Yeah, I think that's my only option. I really don't remember having trouble with either one of those languages when I was a child. People ask me what my native language is, however, and I don't know what to say. Which one do I do better in? I don't know either. That's like asking me to pick out who my favorite wife is! I love all six of them! 

(Just kidding )


----------



## vince

KateNicole said:
			
		

> I don't consider accent a component of native speaker.  For example, I have friends who were born and raised in India, and have an Indian accent when they speak English--but English is their _only_ language.  They do not know any dialect native to India.  They are native English speakers.  How old were you when you started to speak English?  If you are not fluent in Cantonese (because you were very young when you stopped learning and speaking it) and you are fluent in English because that is the language you were most exposed to during your childhood, I would say you qualify as a native English speaker.



I was in kindergarten (3.5 years old) when I started to learn English, just that I was quiet as a kid so I never got rid of the accent.

Okay, I guess I am a native speaker then. I just hope the screeners will believe me if I try applying to one of those Teach English Abroad programs (I would really like to go to a Latin American country ).


----------



## KateNicole

Oh my gosh if you have been speaking it since you were three-and-a-half, you are DEFINITELY native!!  I bet your accent isn't as strong as you think . . .


----------



## mariposita

KateNicole said:
			
		

> Hi Calle,
> You can also have two native languages.
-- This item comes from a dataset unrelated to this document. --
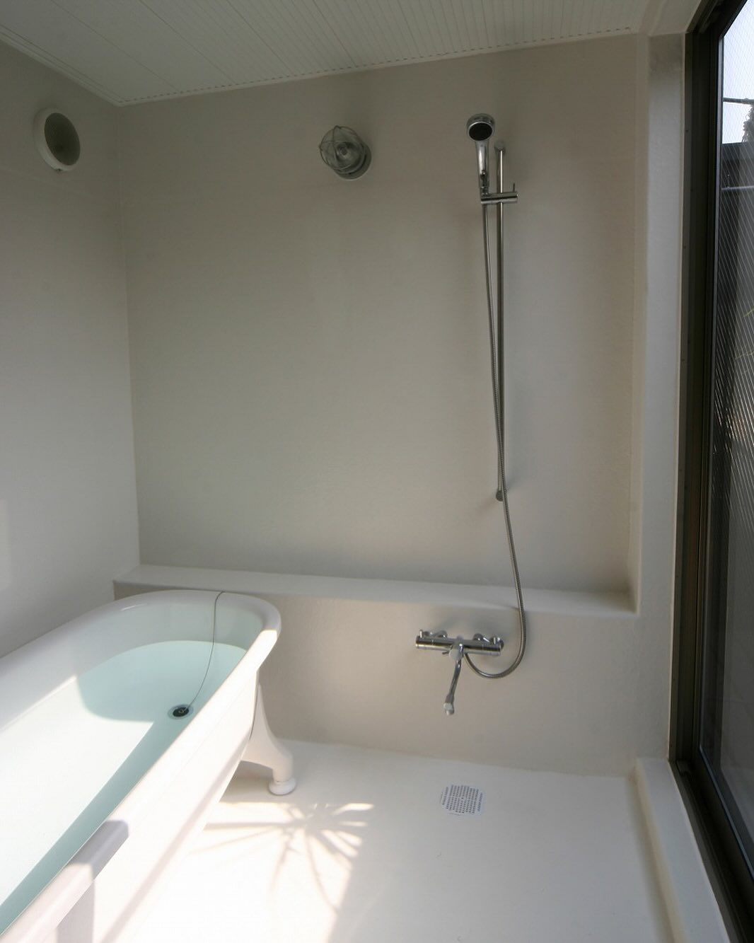 テラスに面した開放的なバスルーム。テラスからの陽光を受け、朝風呂も気持ちが良い。ねこ脚のシンプルなバスタブ。

A lot of children learn two languages simulataneously. (What better way to become bilingual?)Sounds like you're a lucky one. I didn't mean to say that people could only have one native language; what I was getting at is that everyone has _at least_ one. I don't see how it's possible not to.


 
I have met quite a few people who don't speak any one language with native proficiency. If a child lives in foreign countries and his/her parents don't meticulously pass on their native language, then that person can easily end up not speaking any language with total fluency, though he/she might speak several languages quite well.

As someone raising a bilingual child, I would say that it is not easy to attain native fluency in both languages and it is quite possible for a child to end up speaking both very, very well, but not like a native. The ideal situation is that of Residente. To have one or both parents speak the first language and to have the outside world teach the second language. 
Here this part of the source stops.